***** DATASET EXCERPT
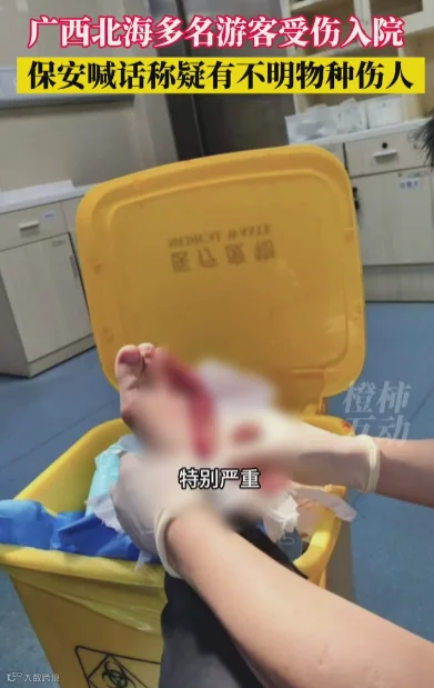 8月17日上午,有媒体记者从北海市人民医院(银滩院区)急诊科了解到,昨晚有8到10位病人因被海中不明生物咬伤,在该院接受治疗。工作人员表示,被咬的病患在门诊进行消毒缝合等治疗后已出院。
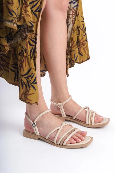 MİA026-1510 Günlük Kadın Bej Tatil Sandaleti
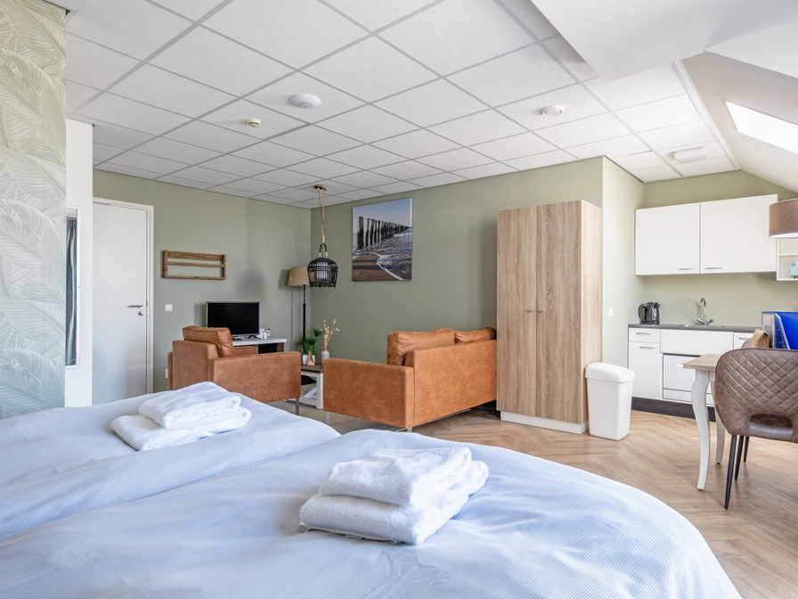 In de suite is geen kookgelegenheid. Deze kamer wordt zonder ontbijt aangeboden. Ontbijt kan bijgeboekt worden. De inrichting van de suites kan onderling verschillen. Inbegrepen in de servicekosten: opgemaakte bedden bij aankomst en een handdoekenpakket. De suite wordt tijdens je verblijf niet schoongemaakt.
**********
◆ **ACTIVITY**
Print the data again, word for word, without any pictures.

◆ **REPLY TO THE TASK**
 8月17日上午,有媒体记者从北海市人民医院(银滩院区)急诊科了解到,昨晚有8到10位病人因被海中不明生物咬伤,在该院接受治疗。工作人员表示,被咬的病患在门诊进行消毒缝合等治疗后已出院。
 MİA026-1510 Günlük Kadın Bej Tatil Sandaleti
 In de suite is geen kookgelegenheid. Deze kamer wordt zonder ontbijt aangeboden. Ontbijt kan bijgeboekt worden. De inrichting van de suites kan onderling verschillen. Inbegrepen in de servicekosten: opgemaakte bedden bij aankomst en een handdoekenpakket. De suite wordt tijdens je verblijf niet schoongemaakt.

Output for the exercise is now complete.